FedLGD

February 3, 2025 · View on GitHub

The official implementation of paper "Federated Learning on Virtual Heterogeneous Data with Local-GLobal Dataset Distillation" accepted at TMLR 2024

FedLGD_main_figure

Abstract

While Federated Learning (FL) is gaining popularity for training machine learning models in a decentralized fashion, numerous challenges persist, such as asynchronization, computational expenses, data heterogeneity, and gradient and membership privacy attacks. Lately, dataset distillation has emerged as a promising solution for addressing the aforementioned challenges by generating a compact synthetic dataset that preserves a model's training efficacy. However, we discover that using distilled local datasets can amplify the heterogeneity issue in FL. To address this, we propose Federated Learning on Virtual Heterogeneous Data with Local-Global Dataset Distillation (FedLGD), where we seamlessly integrate dataset distillation algorithms into FL pipeline and train FL using a smaller synthetic dataset (referred as virtual data). Specifically, to harmonize the domain shifts, we propose iterative distribution matching to inpaint global information to local virtual data and use federated gradient matching to distill global virtual data that serve as anchor points to rectify heterogeneous local training, without compromising data privacy. We experiment on both benchmark and real-world datasets that contain heterogeneous data from different sources, and further scale up to an FL scenario that contains a large number of clients with heterogeneous and class-imbalanced data. Our method outperforms state-of-the-art heterogeneous FL algorithms under various settings.

Amplified_heteregeneity

System requirement

We recommend using conda to install the environment. Please use environment.txt to set up the conda environment.

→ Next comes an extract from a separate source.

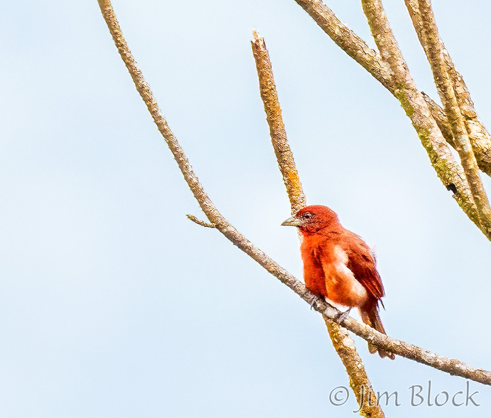 A birder pointed out a colorful Tooth-billed Tanager in a very distant tree saying I should be able to get it with my lens.  I could, barely.
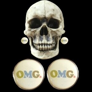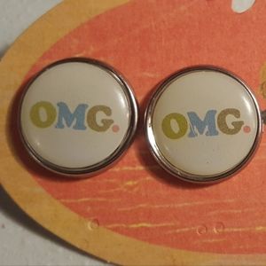 Cream silver snarky acronym OMG graphics Handmade round stud earrings NWT

Verify pretrained DIGITS model

Download DIGITS, CIFAR10C, and RETINA data

Please download the DIGIT, RETINA, and CIFAR10C and put them under data folder.

Note that we only provide the pretrained model and distilled data for DIGITS.

Run training

The training command is

python fedlgd_main.py --dataset [dataset] --wk_iters [local_epoch] --iters [total_communication_rounds] --batch [batch_size] --model [architecture] --ipc [image_per_class] --lambda_sim [coefficient] --reg_loss [regularization_loss]

Please refer to our paper for the detailed hyperparameter settings.

Run testing on DIGITS

Please use the following command to test the results of DIGITS experiment. The ckpt file can be found in here. Please download it and put in the SAVE_PATH folder generated based on the hyperparameter setting.

python fedlgd_main.py --dataset digits --wk_iters 1 --iters 100 --batch 32 --model ConvNet --ipc 50 --lambda_sim 10 --reg_loss contrastive --test True

Citation

If you find this work helpful, please cite our paper as follows:

@article{huang2023federated,
  title={Federated virtual learning on heterogeneous data with local-global distillation},
  author={Huang, Chun-Yin and Jin, Ruinan and Zhao, Can and Xu, Daguang and Li, Xiaoxiao},
  journal={arXiv preprint arXiv:2303.02278},
  year={2023}
}